[INFORMATION PROVIDED Boundary: Start]

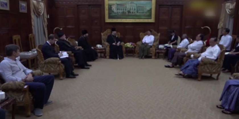 Yangon Mayor U Bo Htay received a delegation led by Russian Orthodox Archbishop His Eminence Sergiy of Metropolitan of South-East Asia.
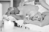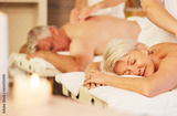 Beauty, back massage and senior couple at a spa for luxury, self care and muscle healing treatment. Health, wellness and elderly man and woman on retirement retreat for body therapy at natural salon.
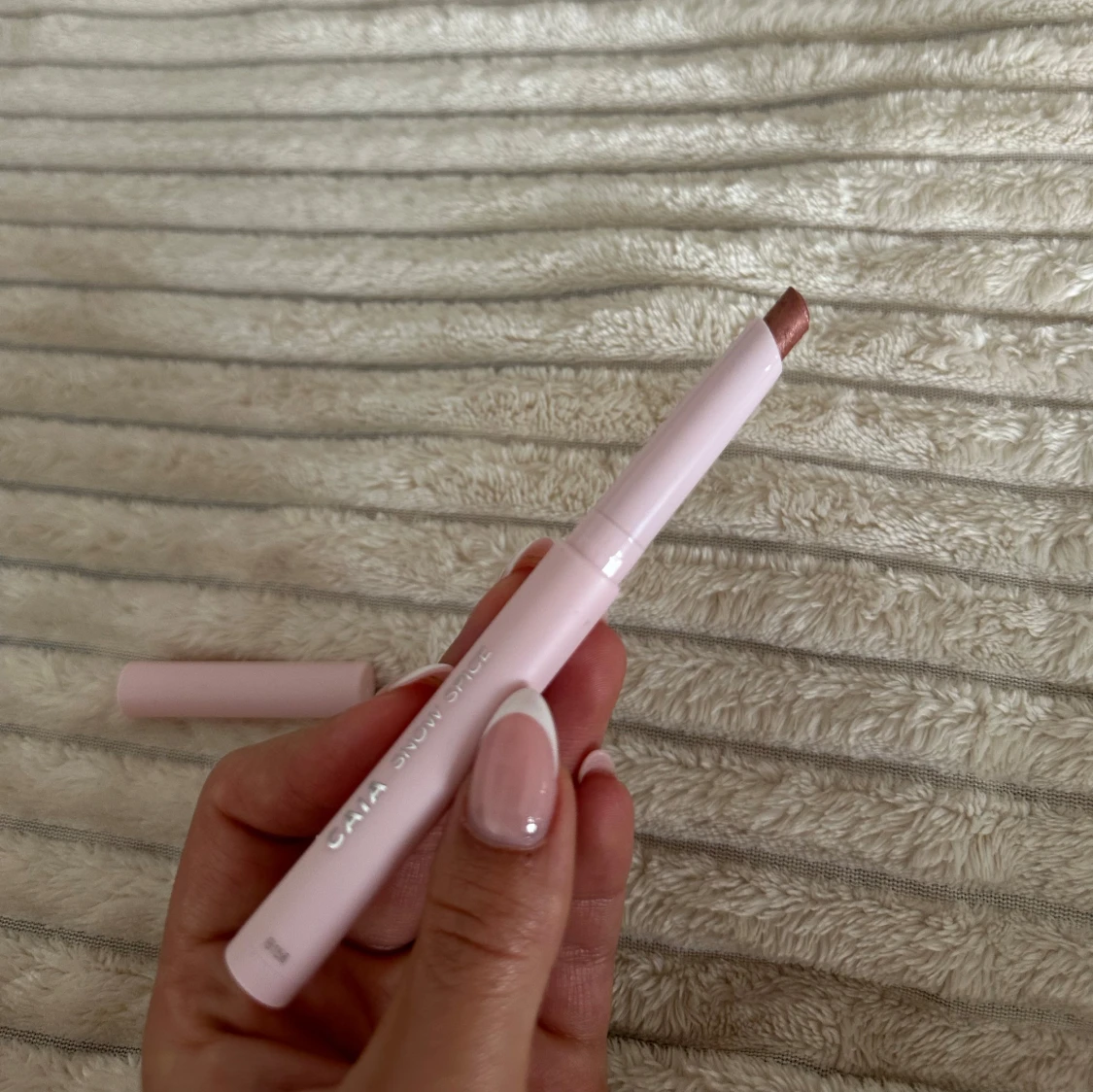 Krämigt ögonskuggsstift från CAIA i nyansen Snow Spice. Pennan har en ljusrosa hylsa och själva skuggan är skimrande koppar-bronsig. Perfekt för att snabbt skapa en snygg ögonlook med metallisk finish. Aldrig testad, har tyvärr inte kartongen kvar!
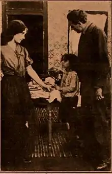 The writer of the scenario is unknown, but it was most likely Lloyd Lonergan. He was an experienced newspaperman employed by The New York Evening World while writing scripts for the Thanhouser productions.[5] The film director is unknown, but it may have been Barry O'Neil or Lucius J. Henderson. Cameramen employed by the company during this era included Blair Smith, Carl Louis Gregory, and Alfred H. Moses, Jr. though none are specifically credited.[6] The role of the cameraman was uncredited in 1910 productions.[7] Marie Eline was cast in the film, likely as the newspaper boy.[1] Eline had previously played a newspaper boy in Not Guilty.[8] The role of the flower girl has been claimed to be Frances Gibson by an answer column in Motion Picture Story Magazine. This is disputable because Gibson is known only to have a single credit with the Thanhouser Company, in the 1912 release of Nicholas Nickleby.[3] Around this time Gibson was appearing in Solax Studios productions.[3] Both immediate before and after her only Thanhouser credit, Gibson was employed by Solax, leading Bowers to speculate that her appearance in that one film may have been as a special project.[3] A different film still shows William Russell and opens the possibility of identifying the other actors.[4] The other cast credits are unknown, but many 1910 Thanhouser productions are fragmentary.[6] In late 1910, the Thanhouser company released a list of the important personalities in their films. The list includes G.W. Abbe, Justus D. Barnes, Frank H. Crane, Irene Crane, Marie Eline, Violet Heming, Martin J. Faust, Thomas Fortune, George Middleton, Grace Moore, John W. Noble, Anna Rosemond, Mrs. George Walters.[9]

[INFORMATION PROVIDED Boundary: End]

→ **WHAT YOU WILL DO**: Starting at the top of the listing above, please restate word for word each line up to and including the one that holds "Krämigt ögonskuggsstift från", omitting every image.

→ **WRITTEN RESPONSE**:
 Yangon Mayor U Bo Htay received a delegation led by Russian Orthodox Archbishop His Eminence Sergiy of Metropolitan of South-East Asia.
 Beauty, back massage and senior couple at a spa for luxury, self care and muscle healing treatment. Health, wellness and elderly man and woman on retirement retreat for body therapy at natural salon.
 Krämigt ögonskuggsstift från CAIA i nyansen Snow Spice. Pennan har en ljusrosa hylsa och själva skuggan är skimrande koppar-bronsig. Perfekt för att snabbt skapa en snygg ögonlook med metallisk finish. Aldrig testad, har tyvärr inte kartongen kvar!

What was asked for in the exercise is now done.